Mrs. Force and Odalite were a little more silent than usual, and that was
all the difference to be seen in them.
Wynnette went singing about the house, to pretend that she was merry. But,
while gazing from the parlor window out upon the dark sky full of soft,
fine, warm rain that turned the lawn into a marsh, and hid the wooded
hills on the west and the bay on the east from view, she suddenly snapped
out:
"Euphonious Mondreer should be relegated to its original, descriptive
name, and be called Mount Dreary, as it is in the old patents and deeds!"

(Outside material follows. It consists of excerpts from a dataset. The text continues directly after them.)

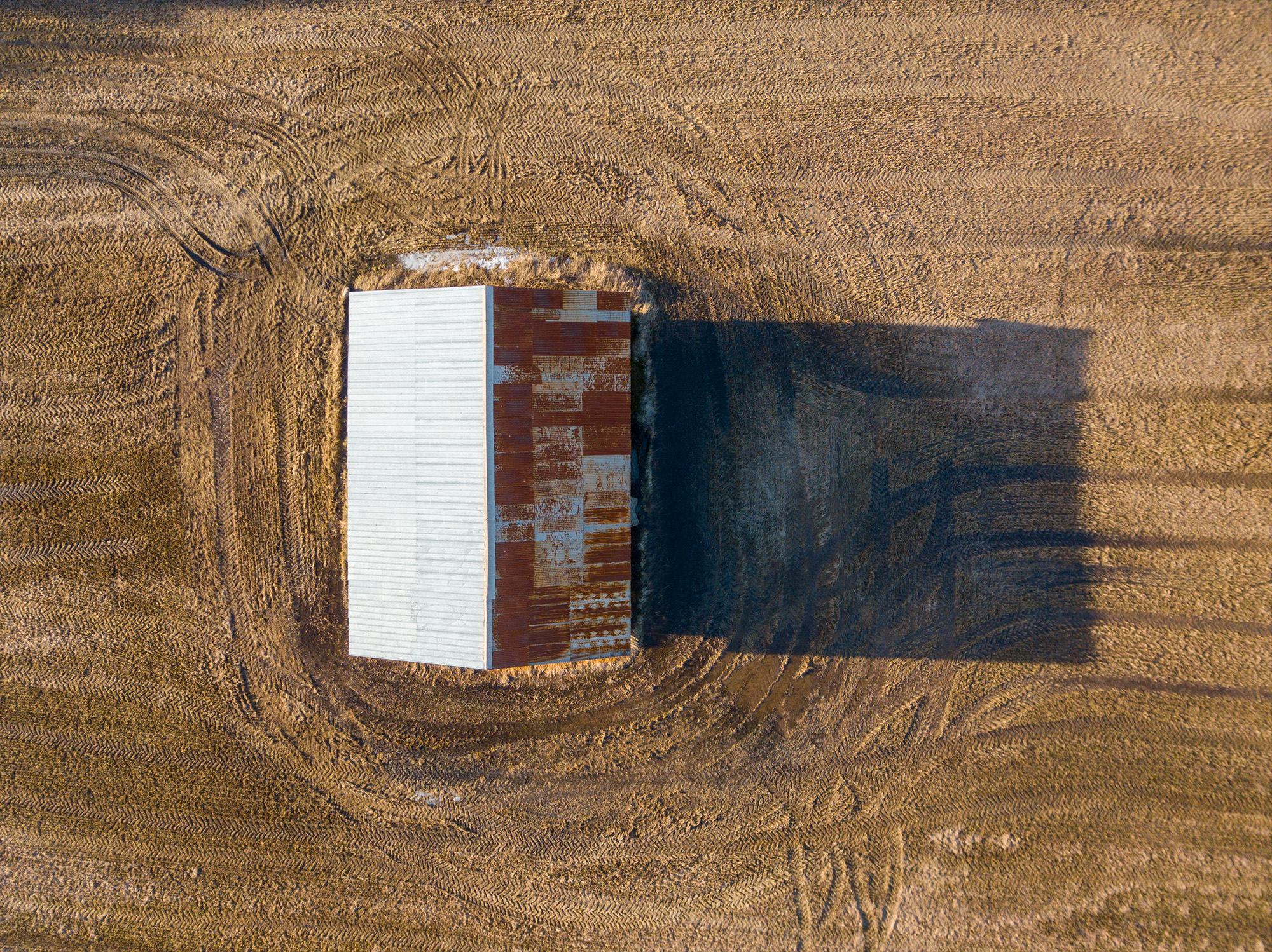Inte så intressant vid första ögonkastet, men det är lite lustigt om du tittar lite närmare och lite längre på bilden. Då ser du att den solbelysta takplåten är typ helt ny medan den i skuggan är gamma och rostig. Marken runtomkring är i stort sett bara hlulspår. Skuggan faller nästan helt korrekt mot ladan.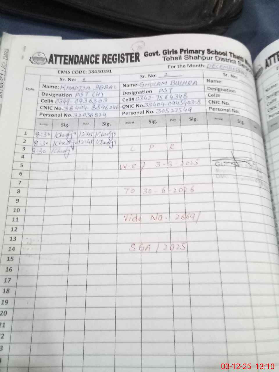 | Name: KH**** IQ**** Designation: (School Headmaster's/Headmistress's) PST Phone/Cell Number: 03**** |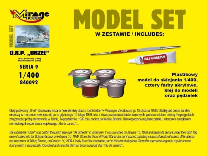 Setul conține un model de submarin din plastic pentru asamblare.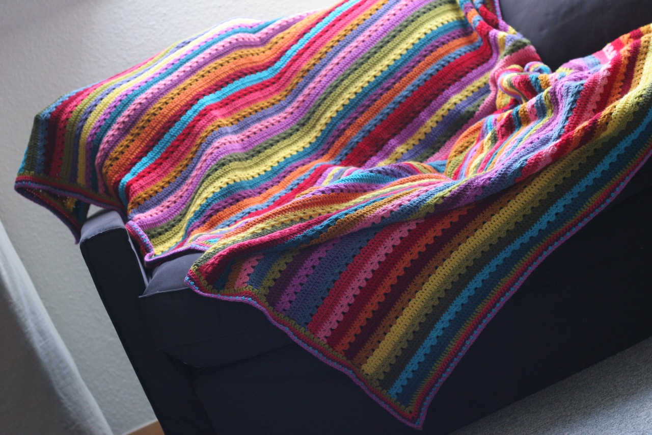 One big satisfying taaadaaaaahhhh moment: my first real full sized crochet blanket is done! I can hardly believe how pretty this turned out, how much I loved working with the cheap economic acrylic Stylecraft Special DK yarn and how utterly relaxing the whole process has been.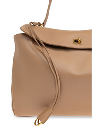 leather tote bag Highlights - The rodeo large handbag in latte smooth calfskin offers a timeless blend of elegance and functionality. designed with a structured silhouette, it features aged-gold hardware that complements its sophisticated latte hue. this italian-crafted bag includes a comfortable top handle with a 9-inch drop, as well as a removable shoulder strap for versatile styling. the spacious interior boasts a main compartment, a secure zipped pocket, and two flat back pockets, perfect for organizing essentials. with a turn-lock closure, wide front pocket, side snaps, and protective brass feet, this handbag combines refined aesthetics with practical design.made in italycolor: latte browncomposition: calfskin leathercare instructions: specialist leather cleaningdimensions: l15,7 x h11,8 x w5,1 inch Made in Italy Composition Leather 100% SIZE & FIT Measurement HEIGHT 11.02 in(28 cm) WIDTH 15.35 in(39 cm)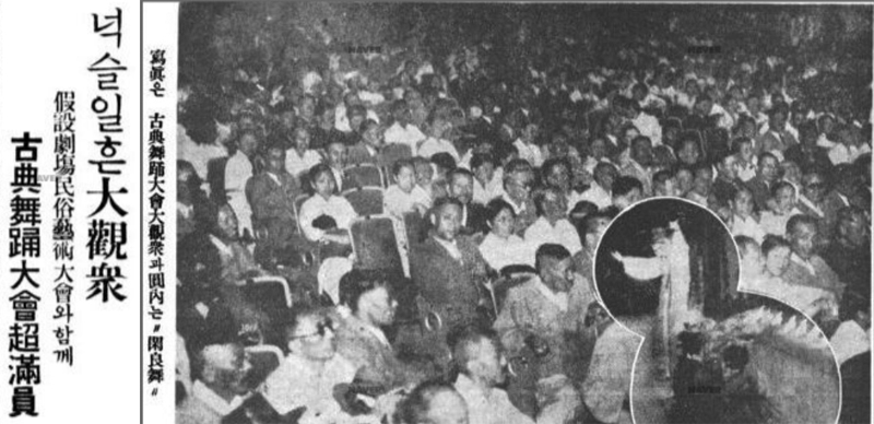 도판 3.「조선고전무용대회」광고글(좌)과 공연현장(우). 동그라미 안 사진은 한량무(「Joseon Classical Dance Event」Advertisement(Left) and Performance Venue(Right). The Picture of Hallyangmu Inside the Circle) |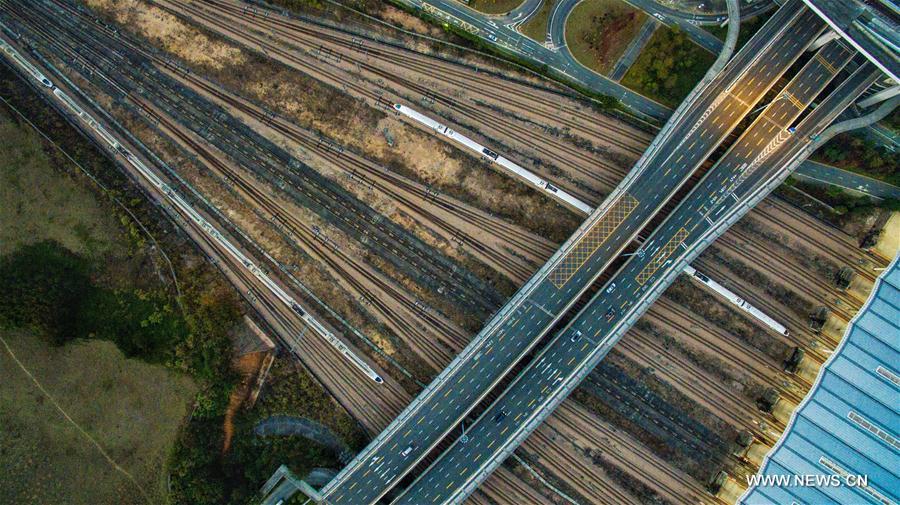 Photo taken on Feb. 5, 2016 shows bullet trains running in and out of the Shenzhen North Railway Station in Shenzhen, south China's Guangdong Province. The Hong Kong section of the Guangzhou-Shenzhen-Hong Kong Express Rail Link is expected to be completed in 2018. From Guangdong to Hong Kong and Macao, can people work in one city and sleep in another? With the help of infrastructure connectivity, it becomes achievable to establish a "one-hour circle" within the Greater Bay Area in the near future. The Guangdong-Hong Kong-Macao Greater Bay Area, as a city cluster involving overall population of 66 million in south China, encompasses Hong Kong, Macao and nine cities in Guangdong Province. Many major infrastructure projects will help turn the bay area into a more dynamic economic zone that is suitable for living, doing business and travelling. The Guangzhou-Shenzhen-Hong Kong Express Rail Link will connect Hong Kong to the renowned high-speed rail network of China via a 26-km tunnel. After the project is completed next year, the travel time from Hong Kong to Guangzhou, capital city of the bordering Guangdong Province, will be shortened from two hours to only 48 minutes. The Hong Kong-Zhuhai-Macao bridge, the world's longest manmade sea crossing, consists of a 22.9-km bridge and 6.7-km underground tunnel that spans the width of the Pearl River Delta. The Y-shaped bridge will cut travel time between Hong Kong and Zhuhai from three hours to just 30 minutes. With expanding capacities of roads, railways and ports, the Greater Bay Area will see a highly convenient and efficient transportation network. (Xinhua/Mao Siqian)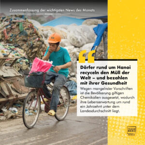 Übermässige Einfuhr und Lagerung von Abfällen sowie nur geringe Regulierung haben die Bevölkerung der Vororte von Hanoi gefährlichen Giftstoffen ausgesetzt, was laut einer Untersuchung von AFP zu einer um ein ganzes Jahrzehnt geringeren Lebenserwartung im Vergleich zum nationalen Durchschnitt in Vietnam führt.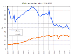 - ↑ Sňatky a rozvody | Století statistiky. www.czso.cz [online]. [cit. 2021-07-09]. Dostupné v archivu pořízeném dne 2021-07-09.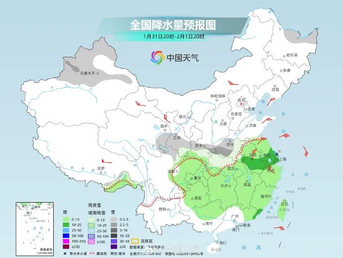 據中國天氣,*蛇年首場大範圍雨雪登場,昨夜起主要降雪時段到來。*昨天夜間至2月1日早晨將是此次降雪過程的主要時段,甘肅東部、陝西南部、黃淮西部、江漢北部等地有小到中雪或雨夾雪,陝西南部、湖北西北部、河南西部、甘肅東南部等地部分地區有大雪,局地暴雪。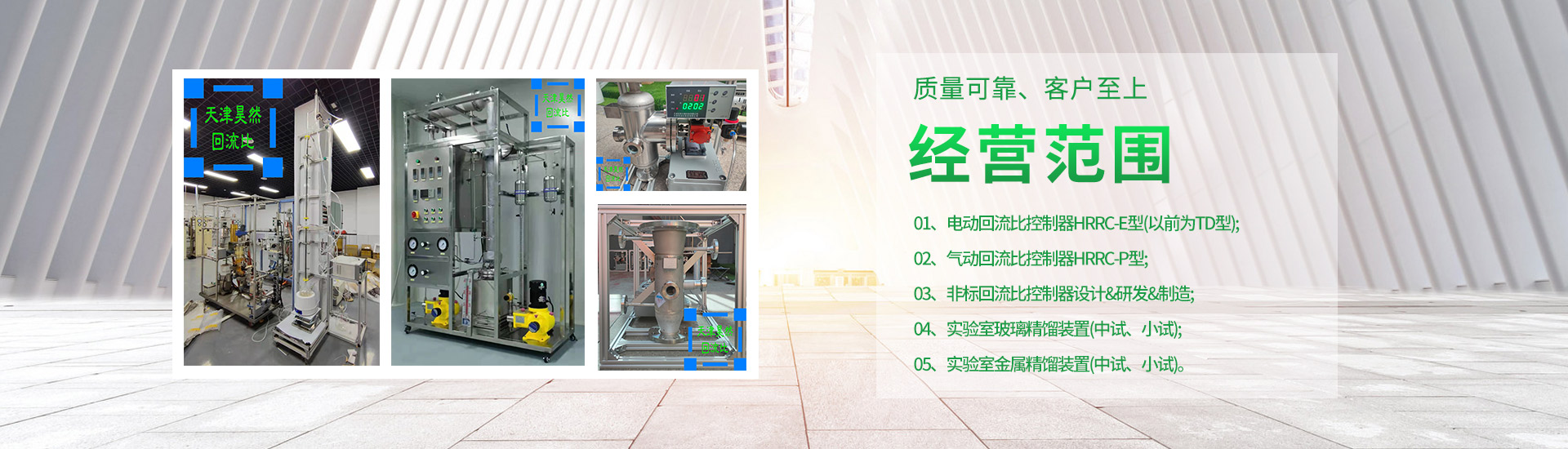 01、電動回流比控制器HRRC-E型(以前為TD型);02、氣動回流比控制器HRRC-P型;03、非標回流比控制器設計&研發&制造;04、實驗室玻璃精餾裝置(中試、小試);05、實驗室金屬精餾裝置(中試、小試)。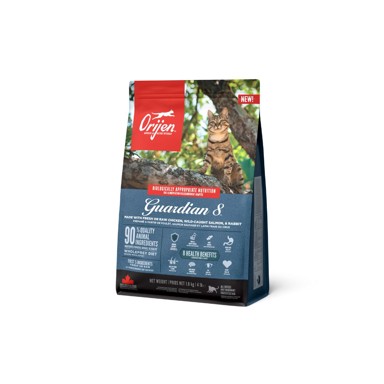 Orijen Cat Guardian potpuna je hrana za mačke svih pasmina i svaku životnu dob. S 90% vrhunskih životinjskih sastojaka, od kojih su 2/3 svježe i sirove, Guardian 8 sadrži hranjive sastojke koji pomažu u održavanju cjelokupnog zdravlja mačke s 8 dobrobiti. Ove dobrobiti uključuju podršku imunološkom sustavu, podršku zdravlju probavnog sustava, podršku zdravoj koži i dlaci, održavanje mišića, zdravlje srca zglobova,očiju te mozak i kognitivnu funkciju. Prvih 5 sastojaka su svježi ili sirovi Sastojci: od mesa peradi i ribe. Ova autentična WholePrey prehrana sadrži najsočnije dijelove plijena poput mišićnog mesa, organe i kosti kako bi oponašala ono što su preci mačke jeli u divljini.Pomaže podržati probavu s prebioticima kao što je sušeni korijen cikorije i prirodnim izvorima vlakana iz cijele bundeve, raštike, cijele jabuke i kruške.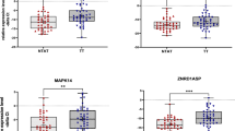 A total of 80 breast cancer samples and 80 ANCTs were assessed. We could not detect expression of TTN-AS1 in any of malignant or non-malignant tissues, so this gene was excluded from further steps. Expression levels of MAPK14 and NORAD were not significantly different between breast cancer tissues and ANCTs. Expressions of HCG11 and ZNRD1ASP were lower in tumoral tissues compared with ANCTs (P values < 0.0001). Figure 2 and Table 5 show the results of expression analysis.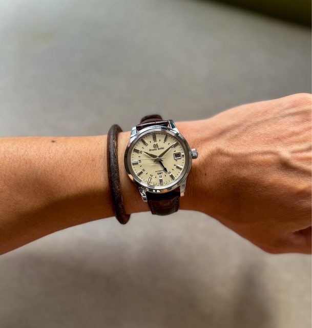 日正裝搭配,這隻外觀有日常使用痕跡,約9成新,日差約5秒,配件齊全缺紙本保卡,售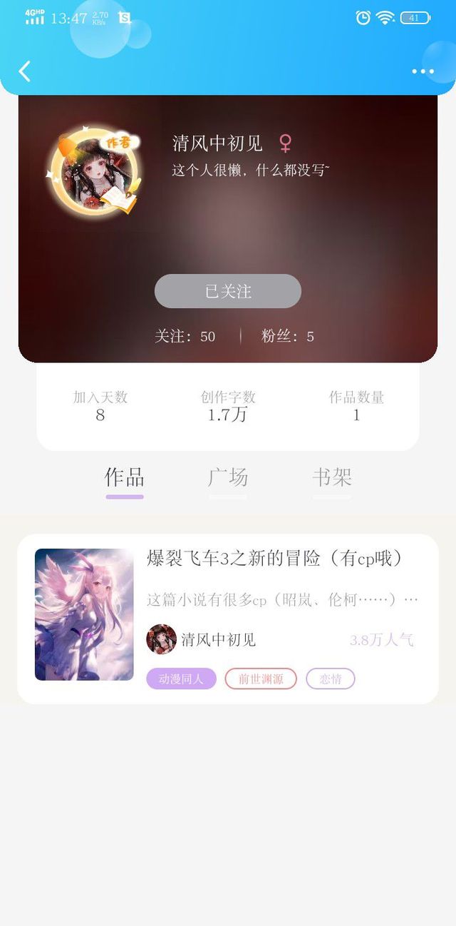 作者还有一位大大的小说,我来推荐一下:

"But was it Mount Dreary last week, when we had the glorious sunshine, and
the splendid frost and snow, and the waters of the bay as blue as the sky
they reflected, eh?" inquired Miss Meeke, deprecatingly.
"I don't know!" said Wynnette, perversely. "I don't remember any glorious
sunshine, or splendid frost and snow, or any blue waters. It has always
been rain, and mud, and darkness in this world ever since I was born! And
I don't remember anything else, and I don't believe in anything
else--there, now!"
"My dear! my dear! do not talk so!" said Miss Meeke.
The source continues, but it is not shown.